Maine Coon cat who ran for the United States Senate in 2012

Hank the Cat (August 2001 – February 13, 2014) was a Maine Coon cat and politician who was put up as a joke candidate in the 2012 United States Senate election in Virginia, a feat which gained international coverage after Hank reportedly came third behind the two major candidates. He died in 2014 due to stomach lymphoma.

==Early life==
According to a satirical biography of Hank lampooning the rags-to-riches biographies prevalent for mainstream Senate candidates, Hank and his siblings were found on a street and taken to an animal shelter, and were initially designated for animal euthanasia. However, they were instead given to Animal Allies, a rescue group, and Hank was adopted by a family in Springfield.
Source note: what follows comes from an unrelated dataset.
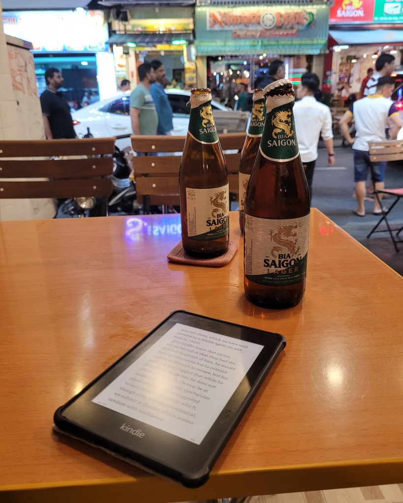 I had a cheerful and cheap dinner of Cantonese fried rice, washed down with three excellent Beer Saigon Greens. The bill came to less than the borderline inedible pizza I had in Dalat, and I tipped moderately, but enough that a few beers could be bought on the way home for one of the staff.
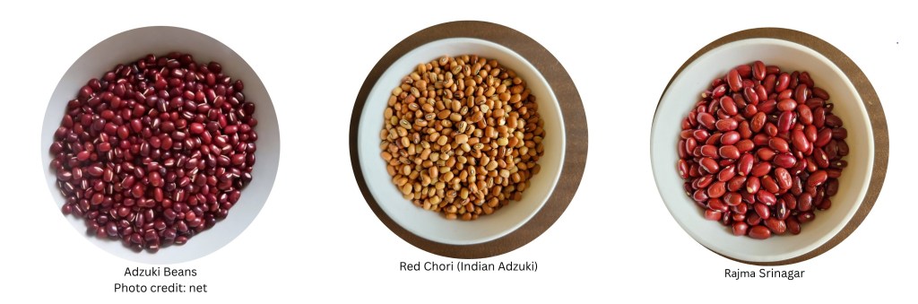 We will use Rajma Srinagar as a substitute for Adzuki beans, as it’s the nearest equivalent.

The biography then says Hank worked his way through school to gain high grades, and then entered into business, starting up several successful companies.

==Run for Senate==
In his joke biography, Hank was encouraged to run because of his life story, experiences and his work ethic, while his website described him as "a refreshing candidate—energetic, inspiring, and real". In reality, owners Matthew O'Leary and Anthony Roberts put him up when they both grew exasperated by regular political campaigns. Initially, Hank ran for state Senate, but gained only 9 write-in votes, though his owners mocked that by saying that regular politicians respond to such a defeat by running for the next highest office, which led to their decision to stand Hank for the United States Senate.

Though a joke candidacy, the campaign was built upon a couple of serious points—mocking conventional candidates, and to raise awareness and funds for animal groups, and rescue organizations donated $16,000 to the campaign. Hank's policies were described as "Animal Rescue, Spay & Neuter programs, and Positive Campaign Reform." Beyond the United States, O'Leary and Roberts gained the help of Svetlana Petrova, a St. Petersburg-based artist, who designed two-dollar bills featuring Hank. On election day, Hank supporters stood outside polling stations trying to gain last-minute supporters; an effort which, according to O'Leary and Roberts, led to a baffled albeit positive reaction from voters, although he said that they received a frosty reception from Republican volunteers. Hank himself slept through the day.

In the election there were 7,319 write-in votes and Hank's owners stated that these all were votes for Hank, making him third. This prompted media coverage not just in Virginia, but also nationally and internationally. By the end of the campaign, O'Leary and Roberts raised $60,000, which they intended to donate to animal charities, including one in Russia selected by Petrova in gratitude for her help. Roberts commended the effort, saying, "There are literally going to be lives that are saved with that. From our personal point of view we got to share our kitty with the entire world, and that's really great."

Hank's campaign was the subject of a parody attack ad launched on YouTube on March 3, 2012.